Even in these days of colour reproduction and the electric glow of the internet, it’s all too easy to think of history before the Renaissance as taking place in a palette of greys under a cloudy sky. Most medieval churches no longer have their wall paintings and stained glass; castles have lost their banners and heraldry; we talk about black-and-white houses and silvery stone; we imagine peasants grubbing around in dingy hovels. This view of the Middle Ages is way off target, of course, as I've noticed before.

We know more about the colour and comfort of the Tudor period, from the surviving great houses. The grandest Elizabethan rooms were heated with big fireplaces and walls hung with thick tapestries. But how were smaller buildings decorated?
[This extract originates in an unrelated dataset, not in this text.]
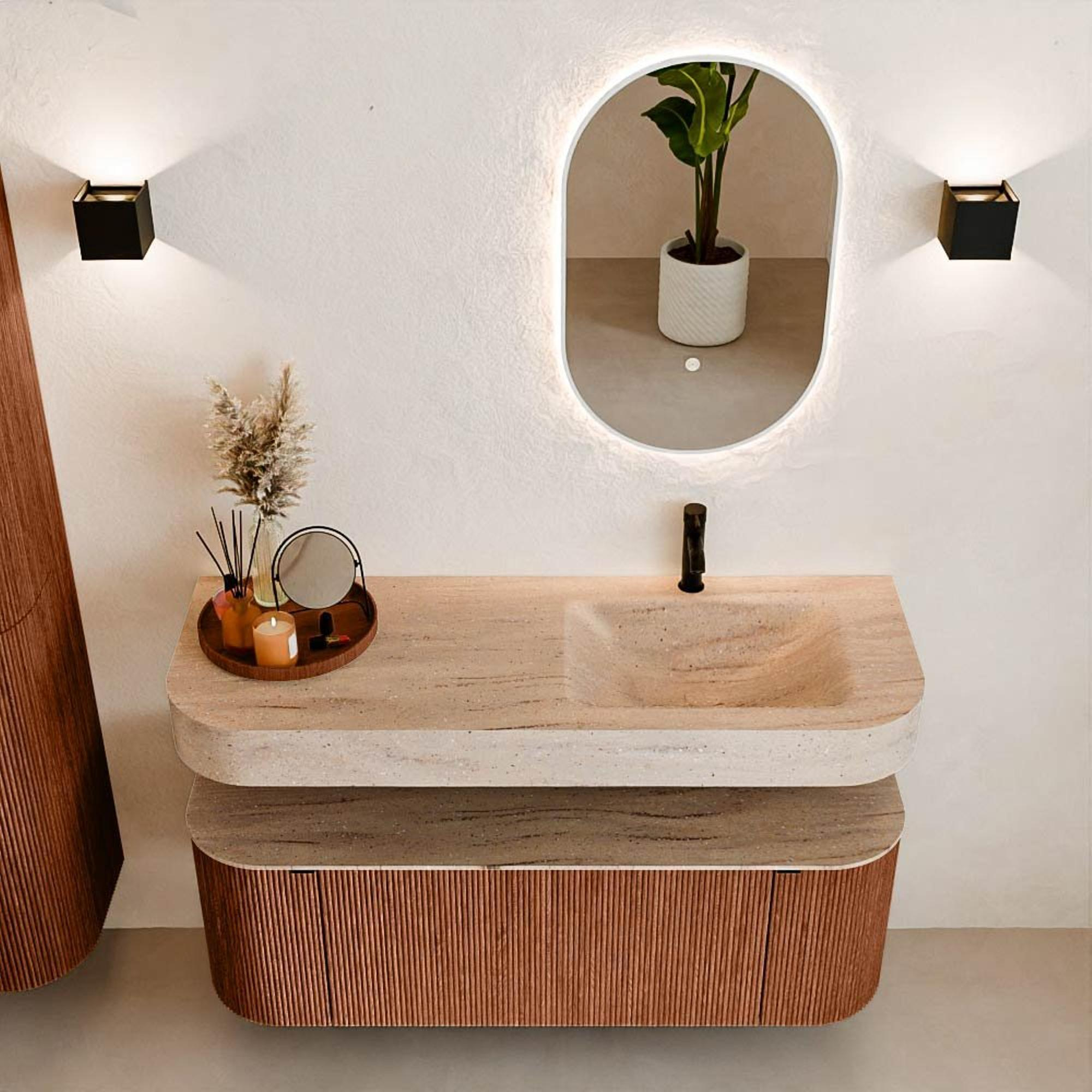 Matériaux naturels dans des tons chauds. Les rainures verticales apportent rythme et texture au design, tandis que le chêne confère une apparence chaleureuse et artisanale. Choisissez parmi 5 teintes de bois OAK, WALNUT, DUSK, SHADOW et RUBY, des couleurs de bois soigneusement sélectionnées pour enrichir les salles de bains modernes et classiques.

What options were open to you if you couldn’t afford rich tapestries? A look inside most small Elizabethan houses today and the chances are you’ll find a very simple colour scheme – pale plasterwork and perhaps, if the building is timber-framed, the same ‘black and white’ effect as on the exterior.

But it wasn’t always like this. In Ledbury is the rare survival of a 16th-century colour painted interior. Here the walls were decorated in a pattern that imitates the designs of contemporary tapestries – stylized flowers and fruit within intricate borders resembling the formal hedges of an Elizabethan knot garden. Their splashes of red, blue and gold must have glowed 500 years ago.


In addition there are panels bearing inscriptions, quotations from the Books of Psalms and Proverbs, instructing us how to live our lives. ‘Better is a dinner with greene hearbes where love is, then a fat oxe and hatred therewith.'* According to some sources, the presence of these sententious moral comments may relate to the fact that this building might once have been used as a local court – probably a court of ‘pie-powder’, dealing with the running of the town’s market and related matters. I'm not so sure: the sentiments seem more domestic to me.

Whatever their origins, these rare painted walls give us a precious insight into the way provincial buildings could be decorated in the 16th century. At least some people aspired to the kind of colour more readily accessible to the upper classes. And the setting of history was not always black, white, or grey.

*Proverbs 15.17, Geneva Bible. Thanks to the readers who identified the translation.